Тот лишь фыркнул, что типа давно понял, с кем имеет дело. Я подошла к коню, перекинула ногу и, удобно утроившись, взялась за уздечку. Конь мягко поднялся и шагом пошел к мужчинам, я расправила плечи и старалась держаться свободно, мысленно поблагодарив Тарха и за уроки верховой езды. Конь вдруг побежал и замахал крыльями.
— Эй, куда! Куда! Стоять, я сказала!
Конь встал, как вкопанный.
— То есть идти, идти, но не лететь. Не лететь, ясно?
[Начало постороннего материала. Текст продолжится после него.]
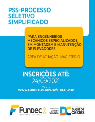 FUNDEC ABRE EDITAL PARA QUALIFICAÇÃO EM INSTALAÇÃO E MONTAGEM DE ELEVADORESA Prefeitura de Duque de Caxias em parceria com a Secretaria Municipal de Ciência e Tecnologia, por meio da Fundec, promove o curso de qualificação profissional em instalação e montagem de elevadores.

Конь пошел рысцой, мужчина, все еще смеясь, схватил его за поводья.
— Учись, как надо коников-то укрощать, Радька! Тридцать лет круги выписывал, а бабушка твоя вон за минуту справилась.
Бабушка? Ух ты! Значит, этот парень — Радогаст, старший сын Коли-Коляды и жены его Рады-Радуницы.
Я перекинула ногу и спрыгнула на землю, но оказалась прямо в крепких, сильных руках дедушки.
— Ну, здравствуй, внученька, перуница Доротея бесстрашная, — улыбнулся он, ласково заглядывая в глаза.
— Здрав буди, дедушка, — улыбнулась я, обнимая Сварога.
— Ну, веди теперь уж коника в конюшню, никого, кроме тебя, он не послушает теперь.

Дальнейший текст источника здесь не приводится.